Streaming economics, consolidation pressure and desire for future growth have all shaped M&A activity this year, according to Hannah Walsh, principal analyst at Ampere Analysis.

“While password-sharing restrictions and cheaper ad tiers created a new ceiling for subscribers, the impact of these new efforts have slowed, meaning companies are looking elsewhere to secure their place in audiences’ households.”

Walsh stressed that one way of doing this is by absorbing competition — such as a potential merger of Warner Bros. Discovery and another leading studio or streamer — and with “secure additional, premium content to retain subscribers.”

MiQ’s Silver noted that beneath all of this sits a deeper need: “better first-party data, identity and proper addressable infrastructure,” which underpin monetization in CTV and streaming.

Sports rights are another element at play, explained Ampere’s Walsh. “[They] are another extremely important factor when it comes to both subscriber acquisition and subscriber retention.
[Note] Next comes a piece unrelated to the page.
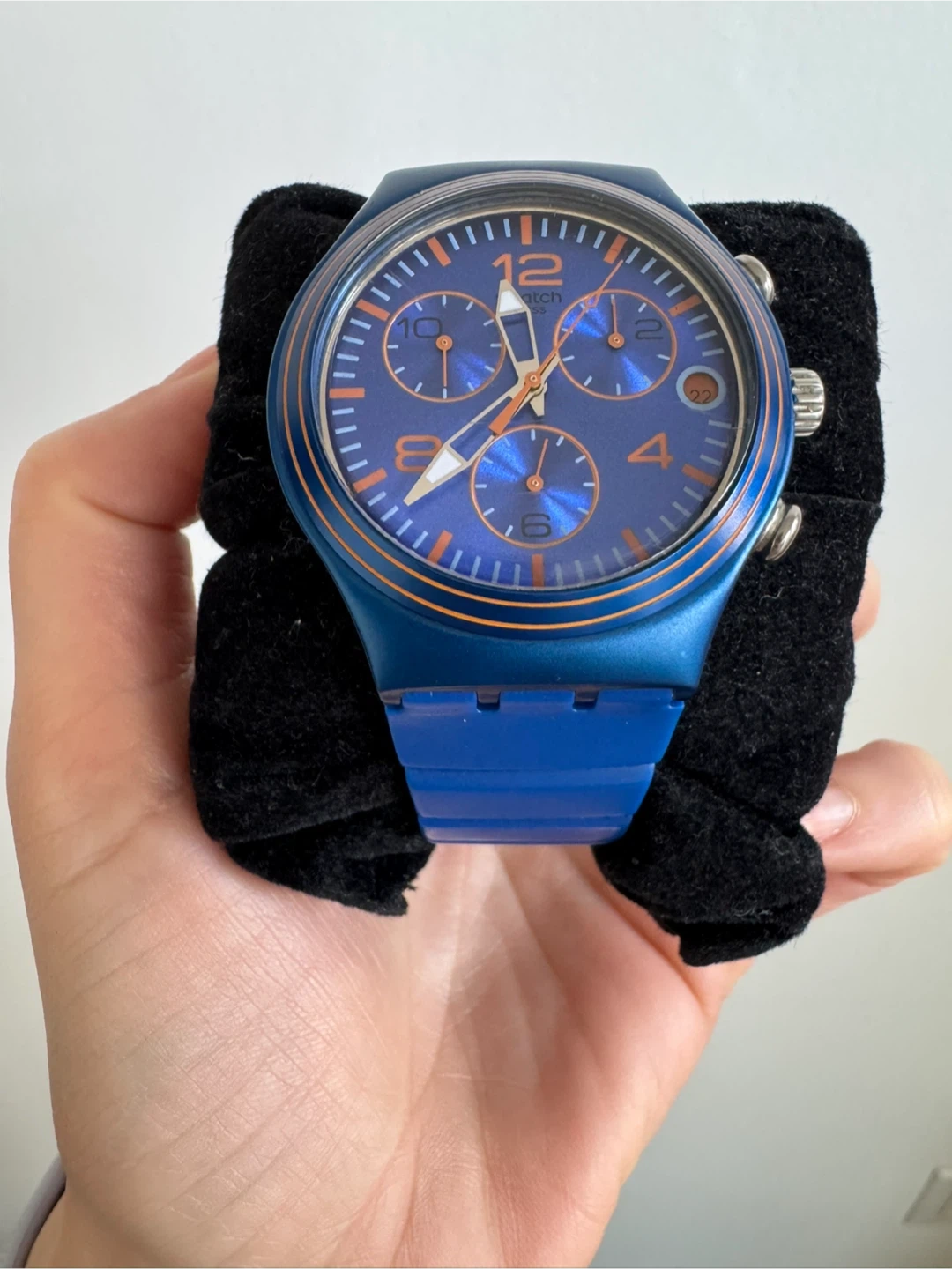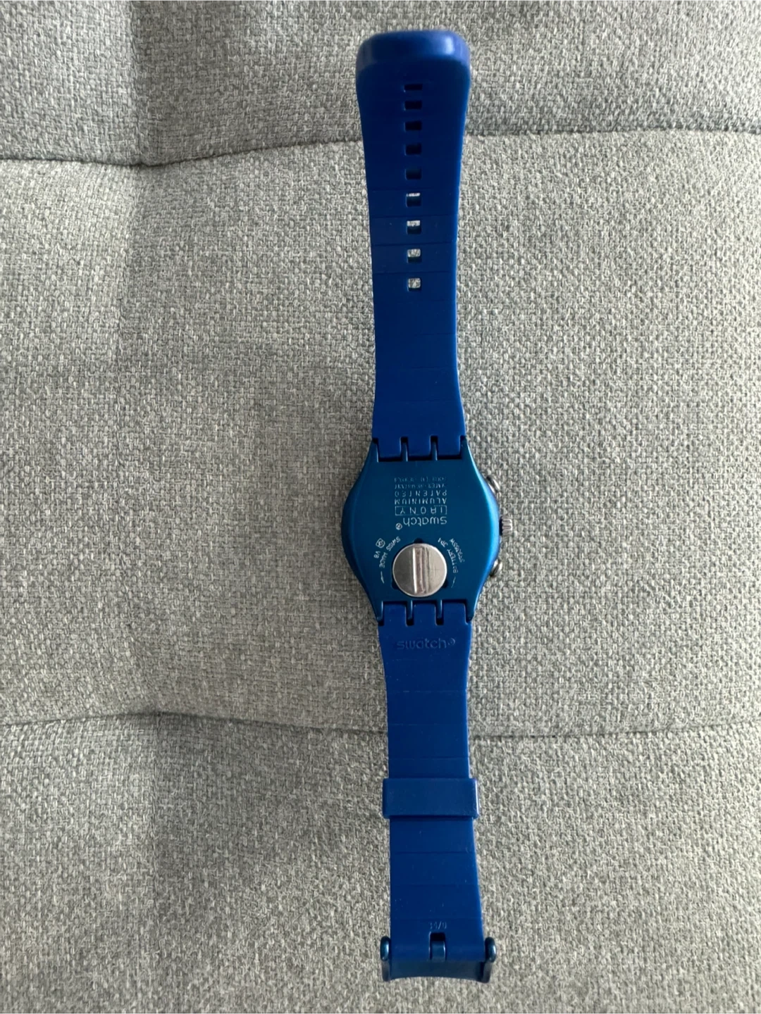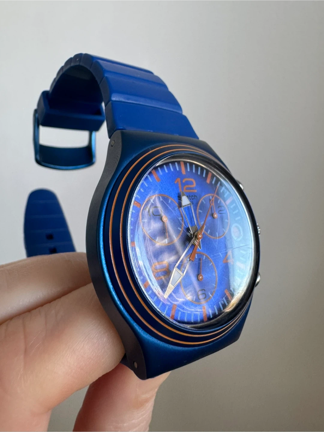 Selling a cool blue Swatch watch! It's in great shape, with minor scratches around the buckle only. The colour is a vibrant blue, and it's a really fun, stylish piece to wear.

Deals such as DAZN-Foxtel secures high-value sports rights … for DAZN, in a market that is sports-obsessed.”

Why it matters

For advertisers, these moves have real implications. When major sellers merge, their ability to set terms “naturally strengthens,” New Engen’s Hayashi explained.

“With fewer players controlling more premium inventory, CPMs tend to firm up and upfront negotiations shift toward the seller’s favor,” Hayashi said. “Media buyers will still have choice, but it becomes harder to play sellers against each other for price concessions or access.”

This can present long-term commercial challenges for buyers, agreed James McCann, director of advanced TV at Ebiquity. “[The deals] fundamentally reshape the streaming TV supply chain at a critical moment when the streaming players are trying to move from growth phase to profitability focus.”

But there’s still plenty for advertisers to celebrate as the M&A cycle gains momentum. Ampere’s Walsh noted that large mergers in high-value ad spaces, such as sports, will create “large pools of premium advertising” across CTV and streaming, with potential to reshape inventory sales models.

Mergers like Disney-Hulu could also improve advertising capabilities through enhanced subscriber data, she highlighted. “[The capabilities] will include enhanced household viewing behaviors, cross-device targeting and unified frequency control.”

Looking ahead to 2026

Speculation is mounting around potential upcoming mergers, particularly as Netflix and Paramount battle it out for WBD, while Comcast’s Sky has already made a bid for Britain’s ITV.

“U.S. operators are hungry for international growth, and ITV could offer the type of premium-but-scalable content Comcast lacks,” Fyllo’s Ramelli said.

Heading into 2026, buyers should expect the early stages of a “power shift,” added Ebiquity’s McCann. Streaming inventory prices have fallen amid an influx of new suppliers, he said. But that period may be ending if prices stabilize or rise.

MiQ’s Silver said this part of the cycle feels less about empire-building and more about getting the infrastructure right: “Everyone’s tidying the chessboard before the next expansion phase.”